Doing good isn’t always rewarded immediately. But in leadership and legacy, it always pays off.

3. Don’t Talk Much

Oh, the irony. Here I am, 1,200 words in, and preaching the gospel of saying less.

But this isn’t about muting yourself permanently or suppressing your voice. It’s about choosing when and how to speak. It’s about silence as strategy. About the discipline to listen, observe, and respond with intent rather than react with emotion.

We live in a world obsessed with expression. We tweet, post, share, and narrate our lives like the main characters in a global soap opera. But power doesn’t always come from speaking. Sometimes, it comes from not needing to.

Think of the best leaders you’ve known. I’ll bet that most of them weren’t the loudest voices in the room. They were the ones who waited. Who asked questions. Who gave space. And when they finally spoke, everyone listened.

Silence is a tool. Use it well.

When I’m in a tense negotiation or a heated planning session, I’ve learned to count to ten before responding. Not only because I probably needed ten seconds to think (it happens). But also, because the person on the other side might need ten seconds to feel heard.

Sometimes, the most powerful thing you can do – is not interrupt.

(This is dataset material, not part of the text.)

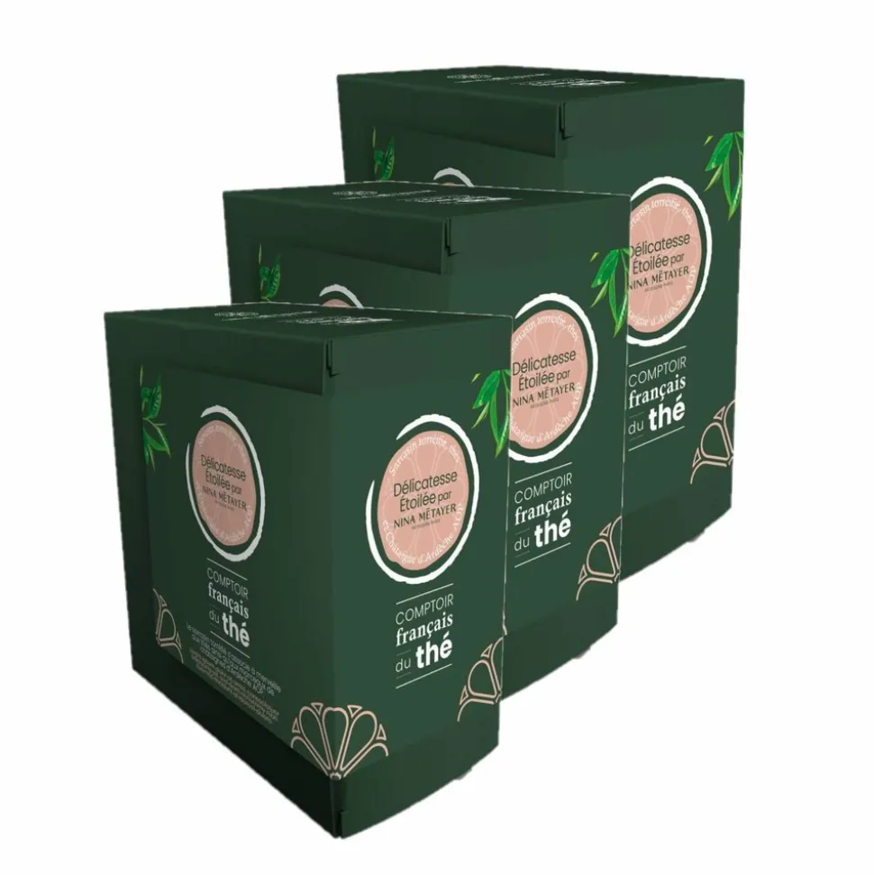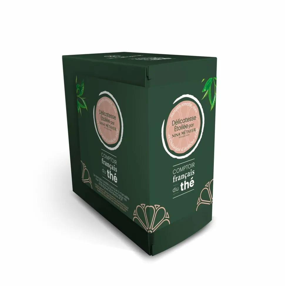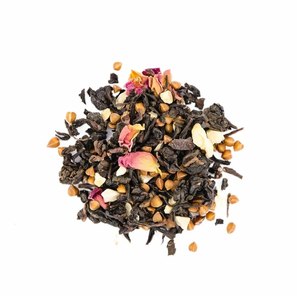 Graines de sarrasin décortiquées grillées 57,5%, thé 19% (thé noir et thé noir fumé), morceaux de châtaigne d’Ardèche AOP 10%, arômes, écorces d’orange, morceaux de cannelle

Bringing It All Together: The Everyday Art of Living Simply

“Be kind, be good, and don’t talk much” isn’t some neat little novelty or productivity framework you can pop on a PowerPoint slide.

It’s a practice.

And like all practices, it requires discipline. Humility. Self-awareness. A willingness to mess it up, apologize, and try again tomorrow.

But it works. It works in the supermarket. It works on the bus. It works in meetings, in schools, in families, and in frontline healthcare wards. It works when the Wi-Fi goes down and when the waiter brings you the wrong order and when someone cuts you off in traffic with the smug satisfaction of a person who’s never heard of indicators.

It’s a little thing that changes everything.

Practical Ways to Live This Message at Work (and in Life)

If you’re a leader – or a human trying to navigate life without biting someone’s head off before coffee – here’s how you might put this powerhouse phrase into action:

1. Start Meetings with Kindness

Instead of jumping straight into agenda items, start your meeting by asking how people really are. Not in a performative way. In a “we’re all human” way.

2. Build a Culture of “Good”

Define your team values clearly – and model them relentlessly. Praise ethical behavior as publicly as you praise success.

3. Create Silence in Conversations

Leave pauses after questions. Encourage listening. Don’t be afraid of a little discomfort. Insight often lives in the silence.

4. Teach Emotional Regulation, Don’t Assume It

Run workshops. Talk about it. Model it. Normalize the fact that even senior people lose their cool – and need to learn better ways to cope.

5. Reflect Daily

At the end of each day, ask:
– Was I kind?
– Was I good?
– Did I listen more than I spoke?

You don’t have to get all three every day. But just asking the questions will positively alter the way you do things.

A Parting Message

We live in a world increasingly fueled by performance, speed, and noise. Everyone’s rushing, branding, posting, measuring, reacting. But in the middle of all that whirlwind, sometimes the quietest message cuts through the loudest.

“Be kind, be good, and don’t talk much.” A meaningful, simple phrase from a respected mentor of mine, who always spoke the truth.

It’s not a slogan. It’s a choice. And it’s one we can make every single day in how we lead, how we work, how we love, and how we live.

Not every moment demands a grand strategy. Sometimes, it just requires a breath. A pause. And eight words that remind us of who we are when no one’s watching.

Be kind. Be good. And don’t talk much.